En briguant la magistrature suprême, les arguments qu’ils avancent ne sont pas l’expression d’une révolution en terme de gouvernance tel qu’ils ont tendance à faire croire à l’opinion publique nationale. D’ailleurs, ils ne font que des déclarations d’intentions pour qui lit attentivement leurs projets pour le Mali. Ainsi, certains vous diront qu’ils développeront l’agriculture et les unités de transformation des produits locaux, réduiront les exportations de bétail sur pied, comme s’ils étaient des éleveurs ou avaient la possibilité de leur imposer cette mesure.

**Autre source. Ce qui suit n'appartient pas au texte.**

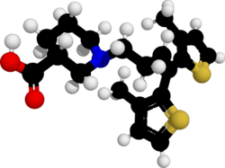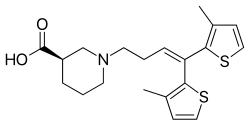 - ^ a b Andersen KE, Braestrup C, Grønwald FC, Jørgensen AS, Nielsen EB, Sonnewald U, et al. (June 1993). "The synthesis of novel GABA uptake inhibitors. 1. Elucidation of the structure-activity studies leading to the choice of (R)-1-[4,4-bis(3-methyl-2-thienyl)-3-butenyl]-3-piperidinecarboxylic acid (tiagabine) as an anticonvulsant drug candidate". Journal of Medicinal Chemistry. 36 (12): 1716–1725. doi:10.1021/jm00064a005. PMID 8510100.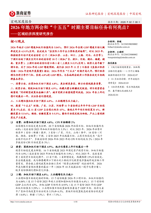 【浙商证券】【202602】2026年地方两会和“十五五”时期主要目标任务有何亮点?——区域经济深度研究报告-18页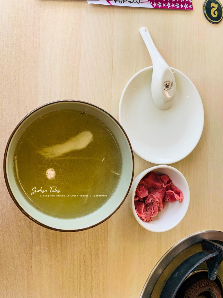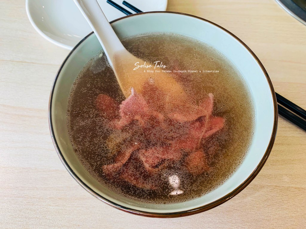Thịt bò ăn không đủ đô thì bạn có thể gọi thêm rau, nấm, nghêu, các thứ ăn kèm… Canh bò thì nhìn có vẻ đơn sơ nhưng rất là thơm, ăn miếng đầu tiên là biết nấu từ xương bò, ngọt thanh, cũng dễ hiểu thôi nhà ngoài ta nuôi bò bán thịt bò mà, xương bò bỏ vào hầm canh thì hợp lý rồi. Đây đúng là kiểu ăn 養生 trong truyền thuyết mà người Đài thường hay bảo nhau luôn đấy, không bột ngọt không gia vị, ăn vị tinh túy nhất của thực phẩm mà thôi nhưng vì bò ngon bò ngọt nên mình vẫn ăn ngon lành.

Pour d’autres, il y a lieu de mieux gérer les ressources publiques, en procédant à des augmentations de salaires. Il est question pour certains de tripler les salaires s’il vous plait. Plus de justice, d’équité, mieux réorganiser l’école malienne. Bref, il s’agit ni plus ni moins que de déclarations d’intentions. Tous les candidats ne sont pas certes concernés mais ceux du PARENA, du RPM, de la CDS et de Convergence 2007, qui ont eu à occuper des hautes fonctions de l’Etat pendant plusieurs années dans le Mali démocratique ne sont pas étrangers à la situation qui prévaut aujourd’hui dans tous ces domaines.

Ils ont montré leurs limites en matière de gouvernance. Et, malheureusement, pour les élections présidentielles de 2007, ils ne proposent rien de concret. Ainsi, partent-ils perdants à ces élections, c’est pourquoi ils ne cessent d’alimenter la contestation, mais pour atteindre en fin de compte quel résultat?